Stewart grew up in Des Moines, Iowa, listening to his parents' jazz and rhythm and blues records without much exposure to live jazz in the then relatively isolated state of Iowa. The largely self-taught drummer began playing at the age of seven.  While in high school, he played in a Top 40 cover band and the school orchestra, and went to a summer music camp at Stanford Jazz Workshop, where he met Dizzy Gillespie.  After high school graduation, Stewart attended the University of Northern Iowa in Cedar Falls, Iowa, playing in the jazz and marching bands as well as the orchestra.  He then transferred to William Paterson University (then William Paterson College), where he played in ensembles directed by Rufus Reid, studied drums with Eliot Zigmund and Horacee Arnold and took composition lessons from Dave Samuels. Stewart met future employer Joe Lovano while still in college (the two played duets in lieu of a drum lesson when Zigmund was away).

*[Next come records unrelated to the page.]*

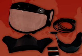
OPTIONAL DUAL-LENS ELECTRIC SHIELD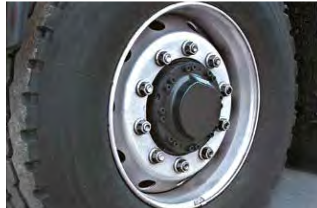
Front axle with hydrostatic wheel hub motors

Of course, anyone who makes it up the mountain wants to come back down again, too. That's where the MAN BrakeMatic smart brake with electric braking and ABS comes into play. They make it possible, for example, to maintain a constant speed when going downhill by regulating the sustained-action brakes automatically. In situations where you have to react fast, the MAN braking system is exactly the partner you want at your side, too: based on the strength of pedal movement, the braking assistant recognises when hazard braking is needed and immediately activates full braking power. No matter where the road takes you, the new MAN TGS gives you the power and security you need.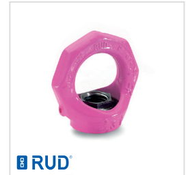
Recess for ring spanner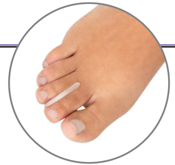
Divides & Cushions Toes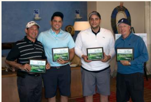
Birdies and Eagles for Those in Need Golf Tournament 2015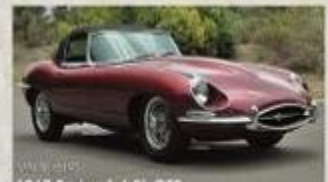
VIN# 1E1070 1967 Series 1 4.2L OTS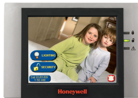
Custom End-User Screen (6271CS)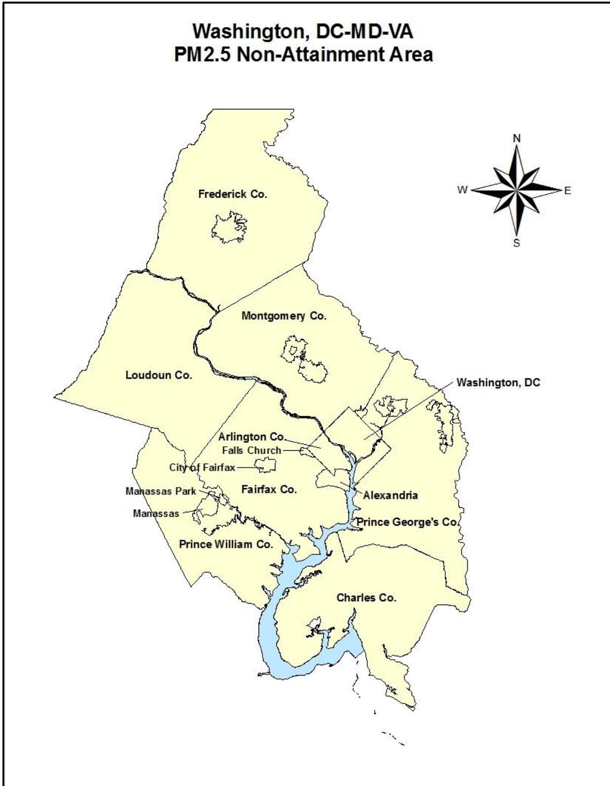
Figure 2-1: Washington DC-MD-VA 1997 PM 2.5 NAAQS Nonattainment Area

Stewart also made his first recordings, with saxophonist Scott Kreitzer, and pianist Armen Donelian, while still in school, and with pianist Franck Amsallem (and Gary Peacock on bass) shortly thereafter, in 1990.

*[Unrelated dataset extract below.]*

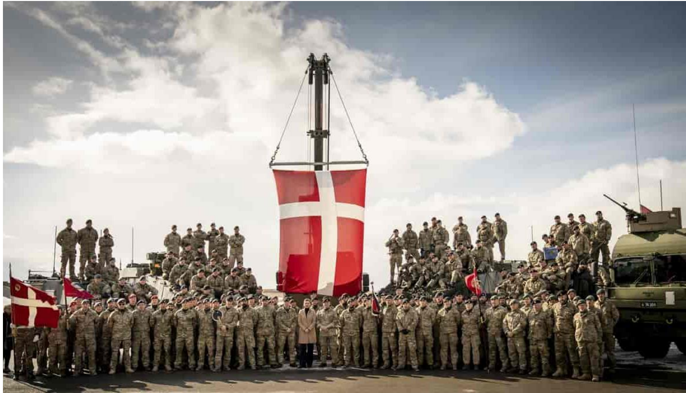
Danish PM Mette Frederiksen on her visit to the Danish military in Estonia, 2022. (part of the NATO EFP – Enhanced Forward Presence)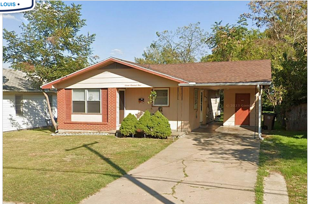
704 South Sprigg Street

After college, Stewart moved to New York, gaining wider recognition in John Scofield's quartet with pianist Michael Eckroth and bassist Ben Street and in a trio with Larry Goldings and Peter Bernstein, which has become the longest-running group Stewart has played with, having begun in 1989 and continuing to this day, performing infrequently.  Stewart's musical horizons expanded when funk saxophonist Maceo Parker noticed Stewart upon seeing him with Larry Goldings at a regular gig at a club in Manhattan. Stewart worked with Parker from 1990 to 1991, touring and recording on three of Parker's albums. The association led to Stewart's gig with James Brown, who told Stewart that there "Ain't no funk in Iowa!" upon learning the drummer's roots. Another close associate is pianist Kevin Hays, with whom he performs, along with fellow WPC graduate, bassist Doug Weiss. The Kevin Hays trio has recorded five CDs and toured internationally.  Musical associations with Lee Konitz, Michael Brecker, Pat Metheny and many other jazz musicians have followed.

Musical style

As a drummer, Bill Stewart's playing is distinguished by its melodic focus, and its polyrhythmic, or layered character. To describe someone's drumming style as "melodic" would mean there is a sense that you could "hum along" with discernible linear phrases which tell pieces of a story, akin to a vocalist, pianist, or saxophonist. He also has a high degree of independence of his limbs, so that not only the ride cymbal and the snare/toms, but also the bass drum and hi-hat, are free to participate as melodic "first-class citizens." His drumming bears the influence of various melodic drummers who preceded him, including Max Roach, Art Blakey, Joe Morello, Roy Haynes, Jack DeJohnette, Paul Motian, and Al Foster.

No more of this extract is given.